_Problem to solve_
Please transcribe the data that follows without the pictures, keeping every word the same.

_Data segment_
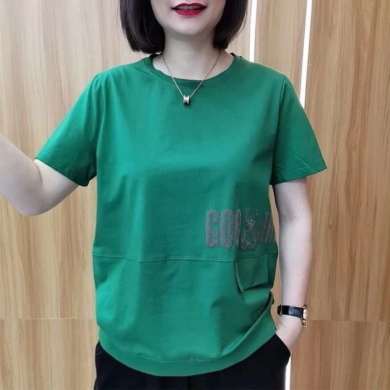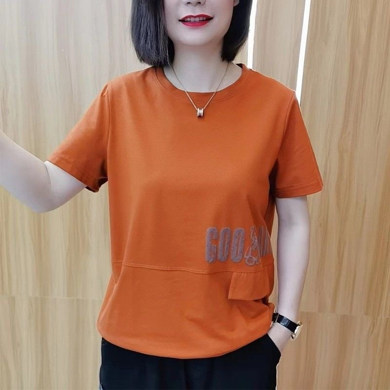 宽松大码 妈妈夏装 中老年女装 t恤女2024新款 圆领减龄上衣 棉质短袖
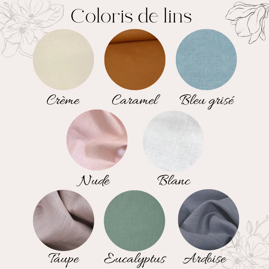 - Vous aimerez aussi le coté cocooning du lin, une matière naturelle tout en étant élégante. Choisissez parmi les différents coloris proposés.
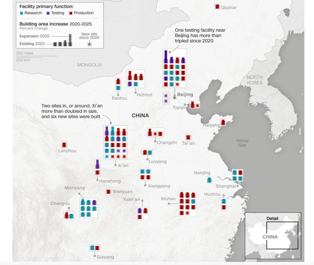 Новий аналіз супутникових знімків, карт та урядових повідомлень виявив величезне зростання виробничих потужностей Китаю, пов’язаних із виробництвом ракет, починаючи з 2020 року. Це історичне нарощування різко контрастує з проблемами постачання військової техніки у самих Сполучених Штатах.

_Task result_
 宽松大码 妈妈夏装 中老年女装 t恤女2024新款 圆领减龄上衣 棉质短袖
 - Vous aimerez aussi le coté cocooning du lin, une matière naturelle tout en étant élégante. Choisissez parmi les différents coloris proposés.
 Новий аналіз супутникових знімків, карт та урядових повідомлень виявив величезне зростання виробничих потужностей Китаю, пов’язаних із виробництвом ракет, починаючи з 2020 року. Це історичне нарощування різко контрастує з проблемами постачання військової техніки у самих Сполучених Штатах.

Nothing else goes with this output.